About this task> Since only part of the material below is wanted, output exactly the lines from the one with "57.我們再回來到網域控制站或者任何網域中任一台電腦,然後啟動程式集當中的執行,打上 MMC,按下 Enter。" up to and including the one with "И опять из пробки!".

Input records>

• • • • • • •

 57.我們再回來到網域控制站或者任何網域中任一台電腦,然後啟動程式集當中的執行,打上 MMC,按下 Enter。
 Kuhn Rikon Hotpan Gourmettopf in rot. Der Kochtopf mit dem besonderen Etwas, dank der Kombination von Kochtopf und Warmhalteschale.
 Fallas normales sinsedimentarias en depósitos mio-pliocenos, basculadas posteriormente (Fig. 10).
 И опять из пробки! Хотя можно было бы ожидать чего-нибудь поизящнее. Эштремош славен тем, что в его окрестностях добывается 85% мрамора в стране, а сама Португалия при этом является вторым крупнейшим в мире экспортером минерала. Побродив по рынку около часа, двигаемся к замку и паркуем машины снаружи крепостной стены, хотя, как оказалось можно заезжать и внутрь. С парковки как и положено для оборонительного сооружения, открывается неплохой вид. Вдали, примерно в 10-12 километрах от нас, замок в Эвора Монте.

• • • • • • •

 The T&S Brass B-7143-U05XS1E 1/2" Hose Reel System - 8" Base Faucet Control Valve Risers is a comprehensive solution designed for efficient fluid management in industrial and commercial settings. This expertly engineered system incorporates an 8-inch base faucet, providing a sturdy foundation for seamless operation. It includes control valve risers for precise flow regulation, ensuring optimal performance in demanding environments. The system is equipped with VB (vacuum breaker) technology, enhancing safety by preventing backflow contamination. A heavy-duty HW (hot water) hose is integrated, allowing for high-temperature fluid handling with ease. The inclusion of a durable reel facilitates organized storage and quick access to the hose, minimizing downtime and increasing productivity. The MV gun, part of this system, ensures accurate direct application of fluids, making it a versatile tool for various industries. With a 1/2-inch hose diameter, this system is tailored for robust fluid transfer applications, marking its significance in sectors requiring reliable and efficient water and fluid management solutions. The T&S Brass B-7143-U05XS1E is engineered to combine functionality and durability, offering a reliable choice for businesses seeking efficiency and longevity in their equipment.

• • • • • • •

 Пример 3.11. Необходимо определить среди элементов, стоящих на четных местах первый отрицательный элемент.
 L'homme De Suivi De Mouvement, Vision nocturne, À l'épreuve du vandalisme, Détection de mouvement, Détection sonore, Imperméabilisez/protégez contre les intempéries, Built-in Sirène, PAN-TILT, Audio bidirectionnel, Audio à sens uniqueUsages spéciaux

• • • • • • •

Solution>
 57.我們再回來到網域控制站或者任何網域中任一台電腦,然後啟動程式集當中的執行,打上 MMC,按下 Enter。
 Kuhn Rikon Hotpan Gourmettopf in rot. Der Kochtopf mit dem besonderen Etwas, dank der Kombination von Kochtopf und Warmhalteschale.
 Fallas normales sinsedimentarias en depósitos mio-pliocenos, basculadas posteriormente (Fig. 10).
 И опять из пробки! Хотя можно было бы ожидать чего-нибудь поизящнее. Эштремош славен тем, что в его окрестностях добывается 85% мрамора в стране, а сама Португалия при этом является вторым крупнейшим в мире экспортером минерала. Побродив по рынку около часа, двигаемся к замку и паркуем машины снаружи крепостной стены, хотя, как оказалось можно заезжать и внутрь. С парковки как и положено для оборонительного сооружения, открывается неплохой вид. Вдали, примерно в 10-12 километрах от нас, замок в Эвора Монте.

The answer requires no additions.